“這地方簡直糟透了。”西格爾揉揉僵硬的膝蓋,掀起兜帽打量目前的臘肉鎮。
“荒原上有的是比這更糟糕的地方,你只是沒見識過而已。”林科朝地上吐了一口黑色的唾沫,順便把牙齒縫裡的菸葉渣子一起清理掉。“你以爲每個地方都像頑石村那樣舒適嗎?那可是我十五年的心血。臘肉鎮,這裡只不過是個交易中心,除了維持買賣秩序之外,卡卡纔不會費心思整理這裡。”
從魔寵渡鴉的眼睛中,西格爾俯瞰過這座城市,當時他只覺得這裡雜亂、腐敗、污穢,遠遠地就給人一種不舒服的感覺。城鎮將污泥的黑色、獸人的黃綠色、血跡的紫色和嘔吐物的灰白色全都混雜在一起,組合成這個毫無美感的地方。現在以親身接近,這座城市的氣味和噪音一股腦包圍上來,西格爾只覺得頭暈目眩,只想遠遠逃離這個地方。
可是他還有事情要做,來這裡也是他自己的選擇,總不能還沒進大門就掉頭回去。他再檢查了一遍身上的裝束,確保每一處可能裸露出來的皮膚都用衣服蓋住:手套、護腕、圍巾、披風、兜帽,最重要的還有一張面具。
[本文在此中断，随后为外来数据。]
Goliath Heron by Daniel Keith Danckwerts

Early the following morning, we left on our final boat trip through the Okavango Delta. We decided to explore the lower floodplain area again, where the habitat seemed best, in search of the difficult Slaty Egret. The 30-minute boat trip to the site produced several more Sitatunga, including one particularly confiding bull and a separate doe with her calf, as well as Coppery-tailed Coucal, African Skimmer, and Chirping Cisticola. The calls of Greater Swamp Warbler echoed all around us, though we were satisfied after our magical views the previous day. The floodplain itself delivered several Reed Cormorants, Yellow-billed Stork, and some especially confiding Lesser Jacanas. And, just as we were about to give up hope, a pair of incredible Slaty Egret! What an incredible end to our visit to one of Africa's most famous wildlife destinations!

西格爾使用製造璽戒時同樣的手段,利用銀幣、銅幣、錫和鉛製造了一張兇惡的面具,來遮掩自己人類的面容。
除此之外,他還佩戴上了原來巫祭的項鍊、腰帶和戒指,還頂着一個獸牙頭箍。只要沒有人掀他的面具,應該不會發現他的真實身份。
在日淚荒原,輕易不敢有獸人向巫祭動手,他們害怕巫祭的法力,害怕被詛咒,更害怕受傷之後沒有人治療。所以林科帶着西格爾大搖大擺走進了臘肉鎮,門前的獸人崗哨根本不敢收錢,還巴巴的跑過來,跪在地上親吻西格爾的戒指。
西格爾好不容易纔忍住拔刀自衛的衝動,才讓獸人的嘴巴親吻了自己的手指。他說了幾個祝福的詞語,擺擺手讓衛兵離開。獸人乖乖聽令,興高采烈的去搜查其他排隊進城的人。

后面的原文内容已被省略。